Dentre os entrevistados do Território da Serra do Brigadeiro/MG, os agricultores diretores da COOPAF Muriaé, da COOPAF Fervedouro e da COOAFA afirmaram que já foram presidentes do STR antes de serem diretores das cooperativas, o que reforça os resultados desta pesquisa quanto à relação de proximidade que as cooperativas deste território possuem com o STR. Todos os diretores das cooperativas deste território também participaram desde as primeiras mobilizações para sua criação, primeiramente como associações e posteriormente na transição para cooperativas. Pela fala dos agricultores é possível perceber a influência do PNAE para a criação das cooperativas:

“A gente tava movimentando, se a gente não tivesse trabalhando no PNAE talvez no momento a gente não criasse a cooperativa, mas como a gente tava trabalhando no PNAE e ai essa questão de legislação acaba se tornando mais forte, por a gente tá comercializando. Então ai que a gente começou a trabalhar em virtude disso (Entrevistada COOAFA).”

138 “Participei desde quando começou, era associação, mas ela sempre capengava, o pessoal firmava, vinha, daí um tempo desanimava porque na verdade não gerava lucro.. o que fez alavancar realmente foi o PNAE (Entrevistado COOPERDOM).” Não só na COOAFA e na COOPERDOM, mas, também, nas duas outras cooperativas do Território da Serra do Brigadeiro/MG, o PNAE foi fator chave para a criação, ou seja, a política pública influenciou desde a gênese. Este fato também foi verificado em outras pesquisas, a exemplo de Franzoni e Silva (2016) que aponta, a partir da realidade de uma cadeia curta de abastecimento da alimentação escolar do município de Porto Alegre/RS, que várias cooperativas não existiriam se não existisse a alimentação escolar. Assim como nesta pesquisa, Franzoni e Silva (2016) também revelou como o PNAE é fator crucial para a criação, a sobrevivência e o desenvolvimento de organizações da agricultura familiar.

Considerando o papel da institucionalização do PNAE como mecanismo indutor para a criação e fortalecimento de organizações formais da agricultura familiar, merece destaque os aspectos relatados pela agricultora entrevistada da COOAFA, pois, pelo seu relato, sua filha havia nascido em 2010 e ela procurava formas alternativas para complementar a renda de sua família, que passava por uma dificuldade financeira.
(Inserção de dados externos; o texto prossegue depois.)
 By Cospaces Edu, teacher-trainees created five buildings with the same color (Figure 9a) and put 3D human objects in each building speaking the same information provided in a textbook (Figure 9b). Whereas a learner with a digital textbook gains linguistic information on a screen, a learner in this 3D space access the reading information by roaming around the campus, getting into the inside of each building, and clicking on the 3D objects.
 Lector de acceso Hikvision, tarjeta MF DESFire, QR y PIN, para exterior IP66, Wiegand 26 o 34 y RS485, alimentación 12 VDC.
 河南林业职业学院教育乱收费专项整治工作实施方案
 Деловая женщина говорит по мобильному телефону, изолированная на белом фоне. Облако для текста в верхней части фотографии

Foi quando ela tomou conhecimento, por meio de uma professora de uma escola da rede estadual, que os agricultores familiares podiam entregar alimentos para a alimentação escolar. Conforme o seu depoimento, a agricultora viu nisso um potencial para melhorar as condições de vida de sua família, e, procurou se informar de como poderia participar do PNAE:

“Vim pra dentro do sindicado (STR) e comecei, usei computador, usei telefone, pra ver o que que era ai que eu fui saber da lei, fui tirar duvida usei o telefone pra saber direito ai que eu fui procurei a diretora (da escola) também pra conversar, ai eu conversei com ela, ela falou tudo direitinho. Então a gente montou um primeiro projeto como grupo informal eu ainda corri atrás de vários produtores (Entrevistada COOAFA).”
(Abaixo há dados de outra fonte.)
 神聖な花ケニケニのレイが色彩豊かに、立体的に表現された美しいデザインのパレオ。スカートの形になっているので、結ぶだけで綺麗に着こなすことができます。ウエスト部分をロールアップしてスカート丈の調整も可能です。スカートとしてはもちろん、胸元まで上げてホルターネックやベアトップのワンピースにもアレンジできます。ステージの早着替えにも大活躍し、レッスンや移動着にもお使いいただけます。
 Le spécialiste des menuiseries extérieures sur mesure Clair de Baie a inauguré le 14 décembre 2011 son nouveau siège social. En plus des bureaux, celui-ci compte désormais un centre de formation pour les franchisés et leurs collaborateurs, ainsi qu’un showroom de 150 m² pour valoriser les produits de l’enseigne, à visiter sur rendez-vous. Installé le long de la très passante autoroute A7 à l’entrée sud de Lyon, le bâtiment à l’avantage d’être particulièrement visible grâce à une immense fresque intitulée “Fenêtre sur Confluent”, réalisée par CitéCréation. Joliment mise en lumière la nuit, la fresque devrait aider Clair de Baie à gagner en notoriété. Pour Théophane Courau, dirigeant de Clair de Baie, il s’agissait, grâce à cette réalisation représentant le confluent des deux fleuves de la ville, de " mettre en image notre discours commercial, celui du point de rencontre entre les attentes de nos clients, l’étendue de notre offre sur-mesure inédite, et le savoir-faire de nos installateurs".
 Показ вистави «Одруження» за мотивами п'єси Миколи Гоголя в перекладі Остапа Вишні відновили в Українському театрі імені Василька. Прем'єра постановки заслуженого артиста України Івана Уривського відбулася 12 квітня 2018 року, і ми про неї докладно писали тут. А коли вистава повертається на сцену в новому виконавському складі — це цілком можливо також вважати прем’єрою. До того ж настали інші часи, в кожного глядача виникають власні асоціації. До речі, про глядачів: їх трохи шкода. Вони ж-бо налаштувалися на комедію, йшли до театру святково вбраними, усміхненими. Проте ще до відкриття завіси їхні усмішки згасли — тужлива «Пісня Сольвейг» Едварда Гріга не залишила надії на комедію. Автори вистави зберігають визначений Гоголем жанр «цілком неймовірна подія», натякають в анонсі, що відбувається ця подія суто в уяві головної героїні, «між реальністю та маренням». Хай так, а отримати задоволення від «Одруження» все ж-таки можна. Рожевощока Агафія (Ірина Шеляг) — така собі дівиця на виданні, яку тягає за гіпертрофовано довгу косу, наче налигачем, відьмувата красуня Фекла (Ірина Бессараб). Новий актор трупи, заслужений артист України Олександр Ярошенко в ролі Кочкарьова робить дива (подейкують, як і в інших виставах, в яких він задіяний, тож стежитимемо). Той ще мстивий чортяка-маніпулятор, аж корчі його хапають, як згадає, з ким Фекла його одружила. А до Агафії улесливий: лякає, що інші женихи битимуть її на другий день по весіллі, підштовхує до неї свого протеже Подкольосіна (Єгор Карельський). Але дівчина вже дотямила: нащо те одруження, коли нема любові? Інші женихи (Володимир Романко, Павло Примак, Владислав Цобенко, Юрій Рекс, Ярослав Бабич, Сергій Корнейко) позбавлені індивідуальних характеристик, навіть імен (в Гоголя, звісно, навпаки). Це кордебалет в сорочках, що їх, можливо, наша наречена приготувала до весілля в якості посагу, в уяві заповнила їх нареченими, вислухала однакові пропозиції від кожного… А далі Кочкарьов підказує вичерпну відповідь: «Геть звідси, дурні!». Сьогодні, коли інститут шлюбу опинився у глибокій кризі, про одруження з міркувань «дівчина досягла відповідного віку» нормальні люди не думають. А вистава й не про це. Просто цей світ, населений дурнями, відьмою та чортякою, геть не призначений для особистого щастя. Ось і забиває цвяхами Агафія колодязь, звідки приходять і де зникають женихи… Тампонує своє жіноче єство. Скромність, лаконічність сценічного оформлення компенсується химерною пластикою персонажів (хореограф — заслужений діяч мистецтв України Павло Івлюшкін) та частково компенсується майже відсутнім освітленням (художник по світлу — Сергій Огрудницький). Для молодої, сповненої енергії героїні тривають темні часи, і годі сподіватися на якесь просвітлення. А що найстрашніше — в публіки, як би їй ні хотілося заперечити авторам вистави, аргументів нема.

Pela fala fica subentendido o papel desempenhado pela agricultora para que os demais agricultores de Araponga/MG pudessem ter acesso ao PNAE por meio de grupo informal, pela associação, e depois pela cooperativa. Nesse caso, a capacidade de interpretação da agricultora em relação à política pública era mínima, mas a busca pelo conhecimento de como a política pública funciona fez com que se tornasse possível acessá-la.
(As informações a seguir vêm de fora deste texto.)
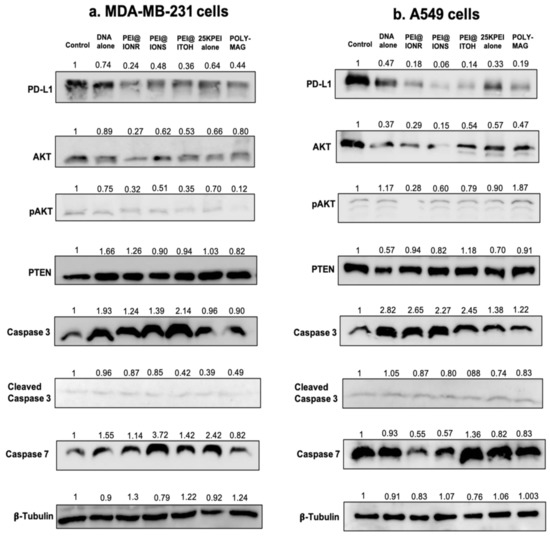 Western blot analysis for PD-L1 protein and its signaling pathways. After transfection with miRNA34a in the (a) MDA-MB-231 and (b) A549 cell lines, the results show the success and higher percentages of knockdown in PD-L1 protein levels after treatment with PEI@IONPs compared to PEI 25K alone. PD-L1 silencing is also seen with PolyMag treatment, mostly due to the cell cytotoxicity after treatment leading to lower concentrations of protein lysate. The signaling proteins AKT and pAKT are downregulated as they are responsible for promoting and regulating PD-L1 in cancer cells. PTEN is seen to be upregulated as it acts as a tumor suppressor for the PD-L1 gene. The apoptosis markers caspase 3, cleaved caspase 3, and caspase 7 show upregulation after transfection with miRNA34a/PEI@IONPs, inducing apoptosis in cancer cells. Protein expression was analyzed via ImageJ using the fold change method.
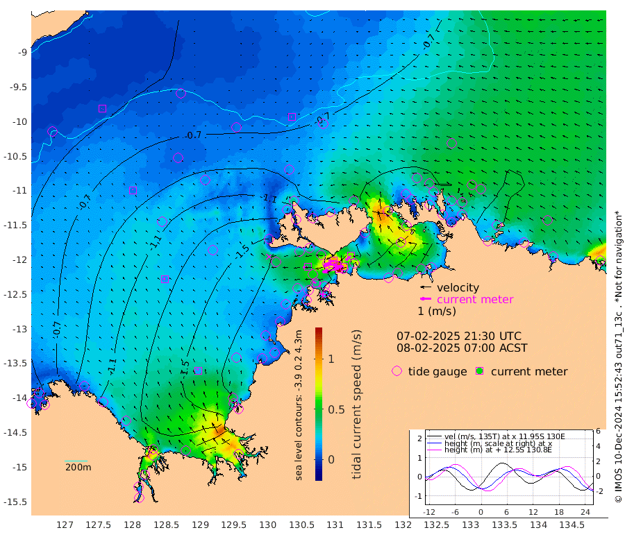 157cm/s -102T +4cm/s rms + 6cm/s 51T. Darwin_C1 52m 92cm/s -89T +4cm/s rms + 7cm/s -161T. Darwin_CW1 22m 77cm/s -105T +4cm/s rms + 8cm/s 61T. Darwin_CW2 34m 62cm/s -131T +3cm/s rms + 9cm/s 98T. Darwin_CW3 22m 112cm/s -91T +5cm/s rms + 7cm/s 88T. Darwin_C3 56m 99cm/s -115T +2cm/s rms + 9cm/s -126T. Darwin_CTbW 22m 6cm/s -71T +9cm/s rms + 2cm/s -110T. NWSLYN 196m 43cm/s -95T +1cm/s rms + 1cm/s -47T. DARBGF 30m 3cm/s -176T +7cm/s rms + 2cm/s -137T. ITFTIS 464m 9cm/s -10T +9cm/s rms + 1cm/s 74T. ITFMHB 146m 17cm/s -13T +4cm/s rms + 1cm/s -134T. ITFJBG 61m 15cm/s -42T +6cm/s rms + 4cm/s 121T. ITFFTB 108m 34cm/s -65T +4cm/s rms + 3cm/s 80T. NRSDAR 19m -47cm Carronade Island -47cm Guy Point -53cm Napier Broome Bay -101cm Lesueur Island -128cm Reveley Island -76cm Rocky Island -158cm Cape Domett -153cm Lacrosse Island -141cm Adolphus Island -86cm Pender Point -76cm Wyndham -98cm The Boxers -100cm Unnamed Shoal -55cm Loxton Shoal -168cm Pelican Island -92cm Calder Shoal -64cm Evans Shoal -148cm Quoin Island -180cm Port Keats -169cm Jones Point -171cm Catfish Island -172cm Cape Scott Offshore -197cm Cape Ford -184cm Anson Bay -71cm Goodrich Bank -182cm Peron Island North -178cm Point Jenny -175cm Native Point -185cm Fish Reef -184cm Tapa Bay -143cm Point Fawcett (Offshore) -189cm Burge Point -169cm Munkunuwa -165cm Beagle A -183cm Parsons Bank -181cm Fenton Patches -58cm Lynedoch Bank -176cm Hancox Shoal Area -187cm Nightcliff -194cm Darwin -192cm Charles Point Patches -142cm Glyde Point -103cm Chambers Bay -94cm Point Stuart -122cm Cape Hotham -100cm Christine Reef -96cm West Alligator Head -75cm East Field Island -107cm Two Hills Bay -152cm Newby Shoal -93cm Camp Point -183cm Medina Inlet South -121cm South Barlow Point -105cm St. Asaph Bay -75cm Cape Van Dieman -80cm Snake Bay -84cm Cache Point -39cm Echo Shoal -85cm Point Jahleel (Off) -106cm Cape Don -89cm Port Essington -93cm Smith Point - West -87cm NW Peacock Island -83cm North Of Jones Shoal -30cm Peacock Island -83cm Point David -91cm D'urville Point -76cm Money Shoal -81cm Copeland Island -117cm Cape Cockburn -89cm One Tree Point -106cm Hogmany Shoal -87cm New Year Island - West -90cm Grant Island -85cm Aurari Bay -95cm Cuthbert Point -94cm North Goulburn Island -88cm Paxie Shoal -88cm Entrance Island -79cm Yabooma Island
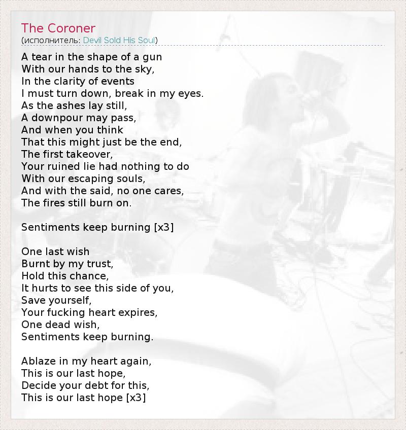 Это интересно:Devil Sold His Soul — группа из города Лондон, Англия. Знаменитая крайне атмосферными композициями и непревзойденным умением сочетать агрессию и лиричность, злобу и красоту, в целом их стиль можно охарактеризовать как post-metal. Образовались в 2004 году после распада своего первого проекта — Mahumodo.Состав:Paul Green — вокалJonny Renshaw — гитараRichard Chapple — гитараJozef Norocky — басPaul Kitney — электроника... продолжение
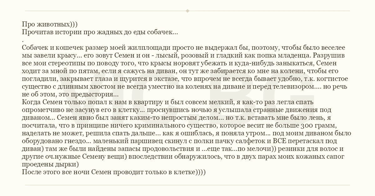 Собачек и кошечек размер моей жилплощади просто не выдержал бы, поэтому, чтобы было веселее мы завели крысу... его зовут Семен и он - лысый, розовый и гладкий как попка младенца. Разрушив все мои стереотипы по поводу того, что крысы норовят убежать и куда-нибудь заныкаться, Семен ходит за мной по пятам, если я сажусь на диван, он тут же забирается ко мне на колени, чтобы его погладили, закрывает глаза и щурится в экстазе, что впрочем не всегда бывает удобно, т.к. когтистое существо с длинным хвостом не всегда уместно на коленях на диване и перед телевизором.... но речь не об этом, это предыстория...

Na trajetória dos informantes ficou claro que são lideranças nos municípios nos quais as organizações estão localizadas, e, até mesmo em âmbito territorial, como no caso do entrevistado da COOAFES, no Território do Mato Grande/RN. Essas lideranças são pessoas engajadas para fazer com que a participação no mercado institucional funcione, por serem

139 agricultores familiares (na maioria dos casos), beneficiários da política pública, dirigentes das organizações e ideologicamente alinhados a causas e à defesa de interesses do segmento.